A successful Tribal Healing to Wellness Court is simultaneously engaged in effective nation building and in fostering Tribal Wellness Court team efforts. The overarching goals are stable and effective government and the health and welfare of tribal member individuals, their families, and the tribal community. Tribes commonly commit in policy and law to
undertaking greater affirmative duties to their people than does the U.S. federal government or the states. These often include legal
commitments to enforce positive rights such as the right to learn about and develop one's tribal identity. Such commitments may include a right to treatment and healing services in order to be clean, sober, and healthy.
The means of meeting these heightened duties and rights on the part of tribal governments and the Tribal Healing to Wellness Court is the careful negotiation and carrying out of written agreements, which take form in policies and procedures, interagency agreements, third- party (often service provider) contracts, and intergovernmental agreements (to solve jurisdictional problems and fill service gaps).
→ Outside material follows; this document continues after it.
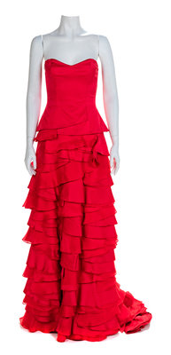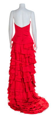 Strapless red silk dress with boned bodice and a layers skirt with full, trained hem.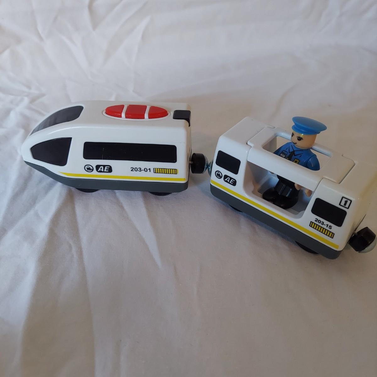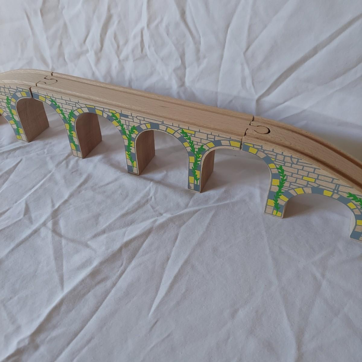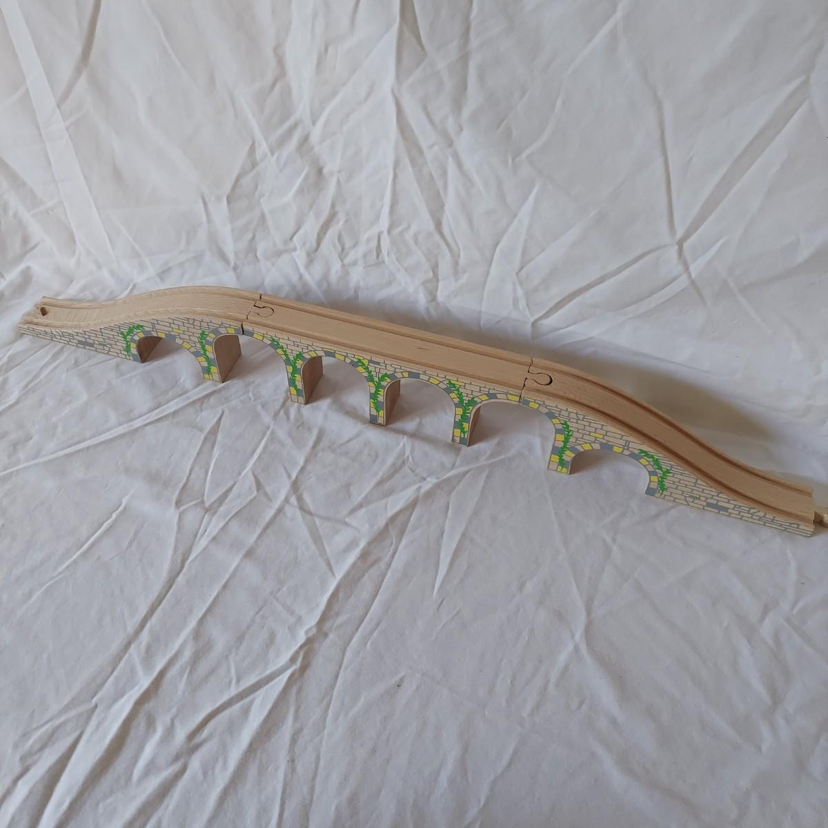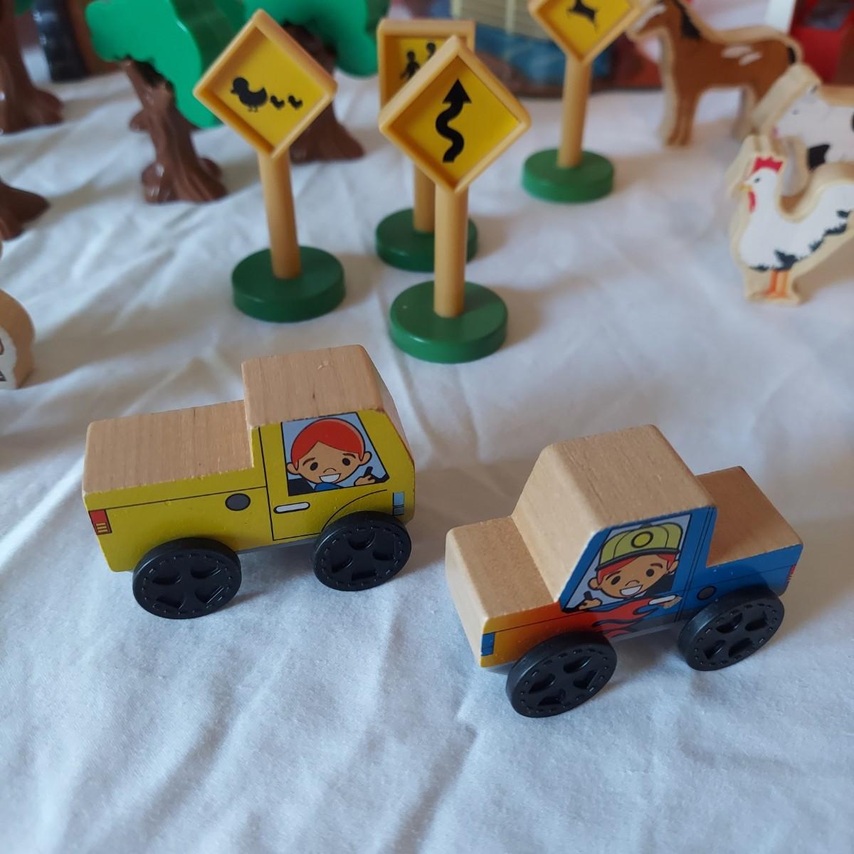 KidKraft wooden train farm set with additional bridges and accessories as well as several extra track pieces and six plastic dog bone connectors. Extra track includes straight track in multiple lengths, two sizes of curves, hills with supports, track switches and both double male and double female connections. Also includes two battery operated trains. The Brio train was not powered on. The white train powered on when tested. Please see photos for details. Shipping available.

There are four types of instruments that are critical to successful Tribal Healing to Wellness Court operations:
(1) Intergovernmental agreements between tribes and states for joint or shared service provision (in the areas of court, probation, and law enforcement),
(2) Tribal Healing to Wellness Court interagency agreements (particularly in the areas of alcohol and drug testing and case management),
(3) Tribal Healing to Wellness Court team policies and procedures, and (4) Third-party service-provider contracts (particularly for licensed alcohol and drug treatment and mental health provider services).
We focus here on the second instrument as a starting point for all the others—the Tribal Healing to Wellness Court interagency agreement. The focal activity is case
management. Drug court professionals now recognize that case management should join “the big three”—judicial leadership, treatment, and supervision—as critical to making a drug court work.
The Tribal Healing to Wellness Court interagency agreement (or MOA) should
contain, for example, provisions governing how critical real-time information is shared,
documented, and reported—negative and positive—including drug test results, treatment attendance (or lack thereof), law enforcement contact or new arrest, change of address, change of employment, report of alcohol or drug use (with or without a drug test result), physical health or mental health setbacks, or advancements and living condition changes. Not all new information need be exchanged. The point is to manage actionable information or information requiring a team response. The Tribal Healing to Wellness Court team policies and procedures should be developed in tandem with the above agreement.